I was wondering if I should write about Palliative Care in my blog. This is a private website. This is about art, taking pictures, about writing, poetry and finding expression. And now Palliative Care? Why should I write about that?
It is true that I make a clear difference between my private life and my profession. I try to leave my work at my work place. But working in Palliative Care has an impact, has an influence on my art. Not in the way that I find my artistic topics in that field. But working with dying human beings enhances your sensitivity. It tells you about the worth of life, how precious it is and how fragile. And this influences your artistic expression, if you want this or not.
What does dying mean? What is happening when we die? We are in one moment. And in the next moment we are no more. What happened? Physically it seems to be clear. The heart stops. The breathing stops. The brain stops working. But can we really explain what is happening? Why is this "machine" arresting on that very moment? Not sooner, not later. What makes all this happen? What is cancer doing on our body, what old age? And no, we can't explain this.
And what happens to our mind when we die? To all the knowledge that we accumulated over the years. What happens to our memories, to our feelings and to our soul? (Soul - what is that?) Is it all over? Extinct? Gone?
Every person has his or her own opinion about this. We call it believes. We call it religion. Or we call it philosophy when we are a little more matter of fact. We believe. We disbelieve. We find answers in believing because we don't know.

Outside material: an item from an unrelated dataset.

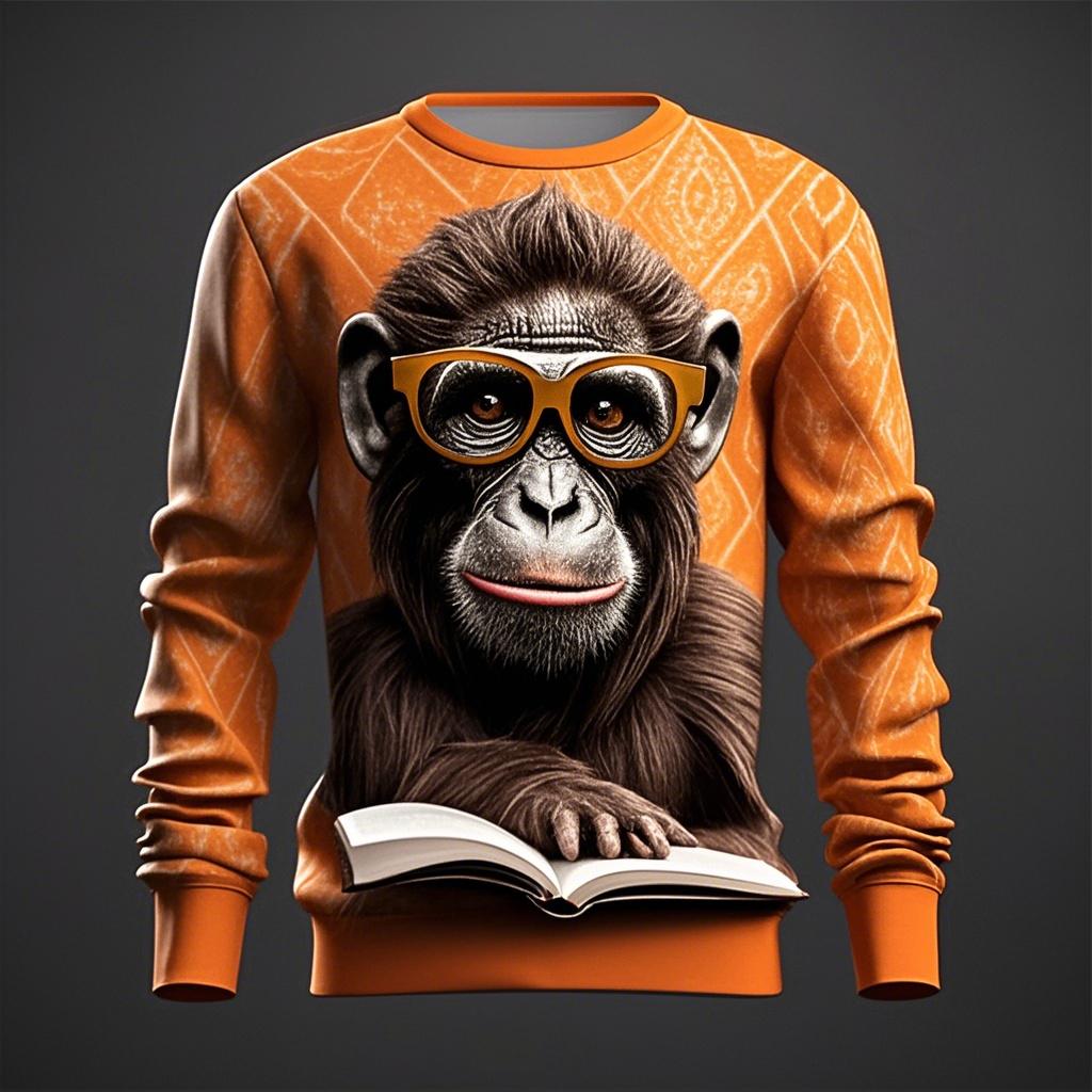Men's Funny Monkey Graphic Sweatshirt 3D Print Animal Gorilla Pattern Round Neck Pullover Oversize Daily Casual Personality Tops

It is a mystery. Huge, impermeable mystery. And even if you have seen many beings dying you still don't understand what is happening.
I am realising that I am writing question after question. But no answer. The quintessence after 15 years in Palliative Care is that I don't know about the mystery of death. And I am probably not the only one who doesn't know.
Let's return to art and photography. Does the fact that I create very often dark images have to do with my work? Maybe a little. I have ever been interested in the dark side of life, in our shadows, our ghosts that haunt us. Palliative Care has not changed or enhanced that. But it has sharpened my sensitivity. And it has helped shaping my personality. So this is my way of expressing myself.
This was a first attempt of writing about Palliative Care. About death. About the borderland between life and death. Maybe I will write more one day.